Issue (i): Whether the transfer pricing adjustment on interest paid on the ECB loan required to be set aside and reworked by adopting the Comparable Uncontrolled Price Method with the Libor plus approach.
Analysis: For benchmarking interest on a foreign currency loan, the price is directly measurable and the Comparable Uncontrolled Price Method is the most appropriate method. The arm's length credit spread must be determined with reference to the relevant inter-bank lending rate and comparable lending conditions. The assessee's alternate request to benchmark the transaction on a Libor plus basis ought to have been accepted, and the rejection of that contention was held to be erroneous. The matter therefore required fresh computation of arm's length price by the Transfer Pricing Officer.
Conclusion: The transfer pricing adjustment was set aside to the file of the Transfer Pricing Officer for reworking under the Comparable Uncontrolled Price Method on a Libor plus basis, in favour of the assessee.
Issue (ii): Whether the assessee was entitled to verification and grant of full credit of TDS claimed in the return.
Analysis: The assessment record showed a mismatch between the TDS claimed in the return and the credit granted during assessment.
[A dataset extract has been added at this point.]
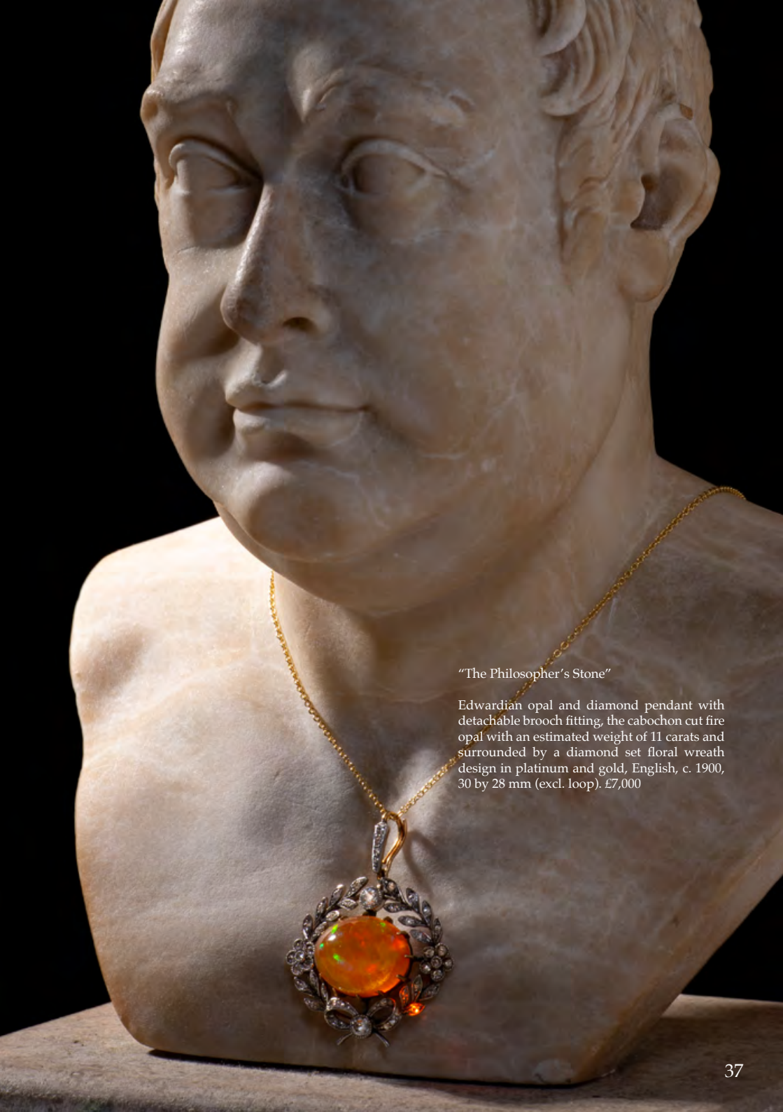
"The Philosopher's Stone"

The Assessing Officer was directed to verify the claim and allow credit in accordance with law.
Conclusion: The TDS issue was remitted for verification and consequential allowance, in favour of the assessee.
Final Conclusion: The appeal succeeded only to the extent of remand and verification, and the impugned assessment was not finally affirmed on merits.
Ratio Decidendi: In benchmarking interest on an ECB loan from an associated enterprise, the Comparable Uncontrolled Price Method with a Libor plus spread is the appropriate framework, and an assessee may validly adopt an alternate benchmarking method where the earlier approach is found unsuitable.